Assessing the security of a password manager
There are many different password managers available, and the best one for you will depend on your exact personal circumstances, how you use passwords and what types of devices you use. When it comes to how secure each product is, there are many different factors to consider:
Your password manager must be set up correctly to be secure, so usability is a critical factor. A misconfigured product is worse than not having a password manager as you’ve gone to the effort of collecting all your passwords into one place and left them vulnerable to theft. It’s also essential that the password manager is easy to use. Otherwise, you may well be tempted to use shortcuts or workarounds if the product is too slow or makes logging too frustrating.
Is the tool user-friendly?
The purpose of using a password manager is to allow the user to use long and complex passwords that they don’t need to remember. It then defeats the point if the tool is used to store simple passwords that could be easily guessed or cracked in a few seconds using a dictionary attack. Ideally, the password manager should enforce complexity standards and flag up any passwords that are too simple. The password manager should also be able to automatically generate complex random passwords.
Can the tool automatically create complex passwords?
The stored passwords are only as secure as the encryption used to protect them.
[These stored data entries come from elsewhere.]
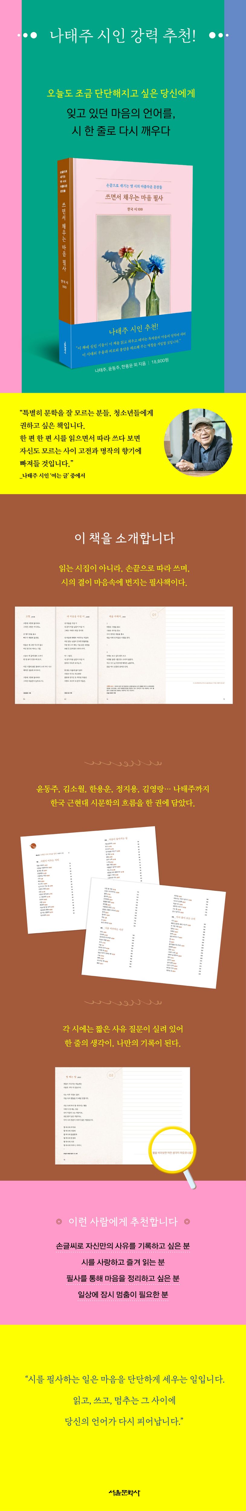 그리고 책 속으로 들어가 보면 먼저 시 한 편이 실려 있고, 그 옆으로 필사할 수 있는 노트가 마련돼 있다. 예를 들어 운동주의 〈별 헤는 밤〉을 읽고 그 아래 윤동주 시인에 대한 정보를 살필 뿐만 아니라 “밤하늘의 별을 보면 어떤 생각이 떠오르나요?” 같은 짧은 질문을 통해 시와 독자 사이에 다리를 놓는 사유의 시간을 마련했다. 이 모든 과정은 시인이 느꼈던 감정의 결을 손끝으로 따라가는 명상 같은 시간이 된다.
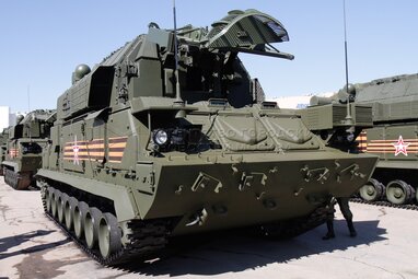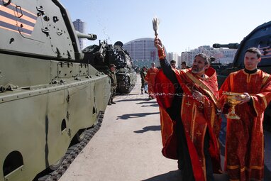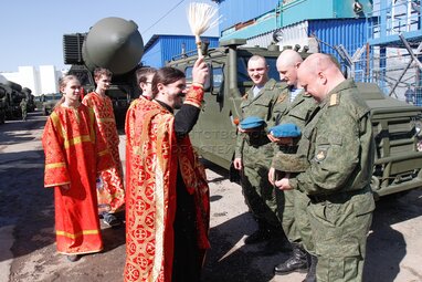 Обряд благословения участников Парада Победы и освящения пусковых установок подвижного грунтового ракетного комплекса «Ярс» настоятелем патриаршего подворья при штабе Ракетных войск стратегического назначения на Ходынском поле.
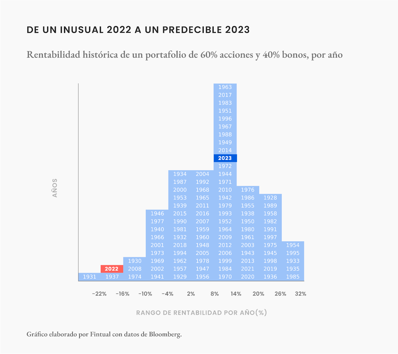 El gráfico ilustra la rentabilidad histórica de un portafolio con 60% en acciones y 40% en bonos, año por año, durante el último siglo. El 2022 se destaca en rojo, marcando un rendimiento anormalmente bajo y situándose junto a los peores años registrados, como 1931, año de la famosa Gran Depresión, y 1937, la recesión que hubo en consecuencia a la Gran Depresión. En contraste, el 2023, mostrado en azul, con un retorno dentro del rango más común y esperado.
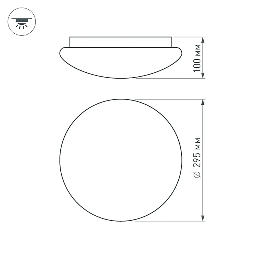 Накладной светильник 16Вт / ДНЕВНОЙ 4200K / 1150лм / 120°. Размер Ф295 x 100мм. Пластиковый объёмный молочный рассеиватель. Питание от сети 220VAC. Энергосберегающее освещение для квартир, подъездов, домов.
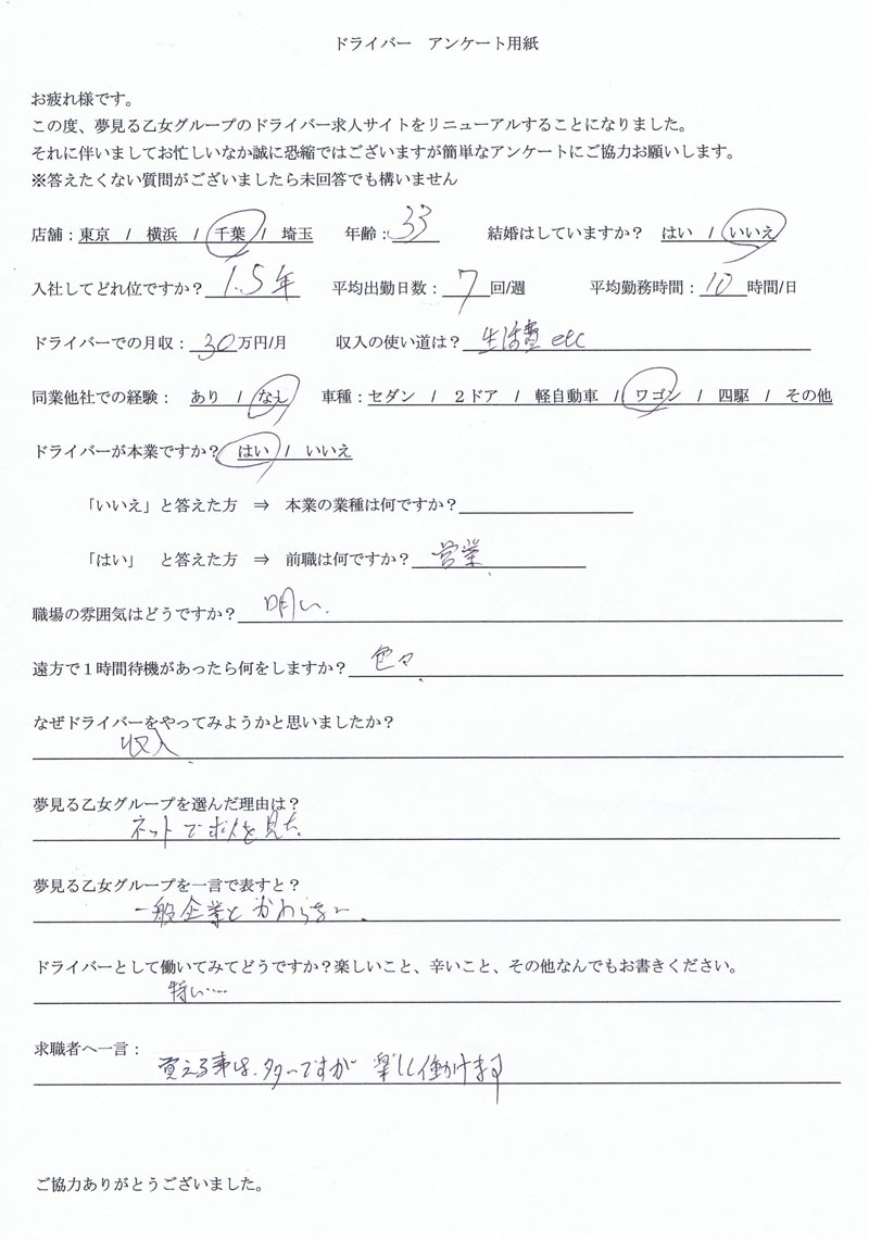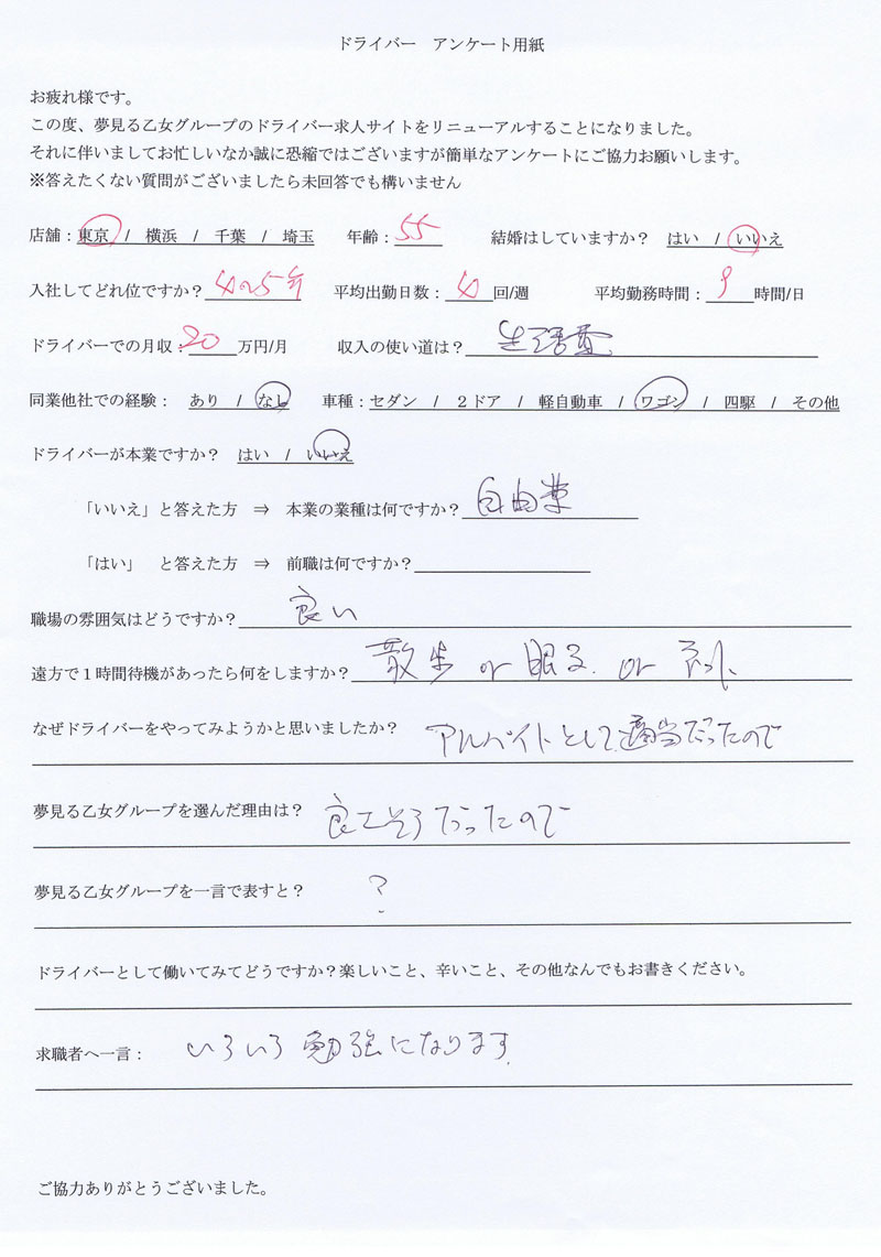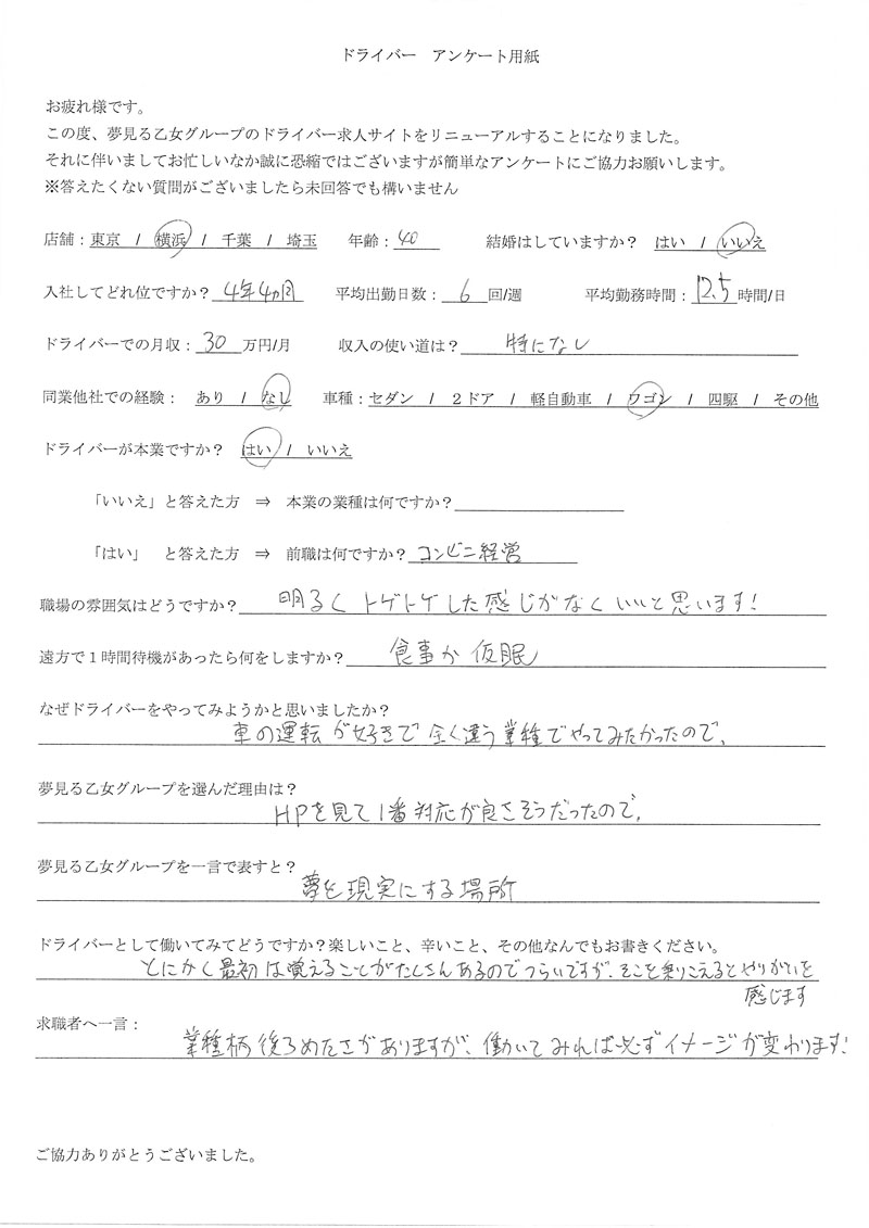 ここまで読んで頂いているあなたは、夢見る乙女グループのドライバーとして働こうか悩んでいる事だと思います。だとしたら、是非勇気を出して面接にお越しください。もちろん面接で話を聞いて辞退する事だって出来るんですから、まずは行動です。掛け持ちでも構いません。学歴や職歴も不問です。未経験の方も大歓迎。

There are two factors to consider, the strength of the encryption used to store the passwords at rest and, if different, the password’s protection while in transit between the store and your device whenever you retrieve the password to use it.
The in-transit encryption process is crucial for cloud synchronized multi-device password managers. The product should ensure that only authorized devices can send and receive password information safe from interception and modification. Also, bear in mind that if synchronization is not possible when a change is made, for example, a mobile device is locked or offline. The password information must be securely stored until the time that synchronization can occur.
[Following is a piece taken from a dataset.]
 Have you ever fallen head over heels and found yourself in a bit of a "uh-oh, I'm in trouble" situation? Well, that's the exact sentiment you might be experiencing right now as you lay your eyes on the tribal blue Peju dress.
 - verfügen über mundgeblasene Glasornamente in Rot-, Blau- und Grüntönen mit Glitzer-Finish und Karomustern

What encryption is used for data at rest and in transit?
Personal Data Protection
It’s not only passwords that are stored; other authentication data such as usernames are also stored. Such information may also be valuable and needs protection using encryption, but not all password managers implement this.
What information is encrypted?
As the password manager stores all your valuable authentication credentials in one place, it’s essential that access to the tool itself is secure. As a minimum, the product should require a complex password that only allows a few attempts before blocking access to prevent brute force guessing. Ideally, the tool should have multi-factor authentication, so even if the password is guessed or disclosed, this alone will not afford an attacker access.
How secure is the logon?
Password managers are great unless you lose access, forget the password to access the password manager, and you’re effectively locked out of every account that the password manager is storing the credentials for. The password manager should have a recovery option should you forget the master password that is simple enough to use if needed but secure enough that you, and only you, can use it. A common trick for attackers to access systems and services is to use social engineering techniques to exploit account recovery services, especially if this process is remotely managed by a service provider.
How secure is the recovery process?
If you need to export the stored credentials to a text file or in an electronic format to transfer to another device or application, how secure is the export process? Could the exported data be vulnerable to compromise? There’s no point exporting the data to re-use if you immediately need to change all the passwords anyway because you cannot be sure it is secure.
How secure is the export option?
Password managers are, in essence, just another application and so should be treated as such. All applications come with vulnerabilities introduced in their development process and so will require periodic updates and patches. Check how the password manager is updated and if the process of issuing updates is secure. Given the contents’ potential value, organized attackers will invest considerable time and effort into finding ways to compromise a password manager. They may even try and trick users into installing a compromised software update containing malicious code.
How is the product updated, and is it secure?
One of the most common ways users store passwords for easy access is in internet browsers. The save and auto-fill functions offer a quick and easy route to password management for free, and some browsers even let you synchronize stored passwords between different devices. However, this may not be secure. Users can easily see the stored passwords with minimal security controls; any malware that makes it onto your device or websites running malicious code that you visit will have the same simple access. Some password managers can also auto-fill information in internet browsers and other applications. This offers the same convenience but more securely.
Does the product support auto-fill functions?
If you are using a password manager on different devices, you obviously need to ensure that all operating systems are supported. That could be Windows, macOS, or Linux on a laptop, iOS, or Android on a smartphone or tablet. While this may limit the choice of suitable products depending on your individual needs, having a device that isn’t supported may result in the adoption of unsafe workarounds like the export of passwords as plain text.
Does the product support all your platforms and devices?
Are password managers secure?
No software application can be completely secure; there are always flaws and vulnerabilities exposed over time.
Research undertaken on password managers running on a Windows 10 environment identified several exposed password credentials by allowing a decrypted plain text version to temporarily sit in the computer’s memory. It could then be exposed to malware residing on the computer scanning the memory. While the risk is undoubtedly low, the vulnerability exists.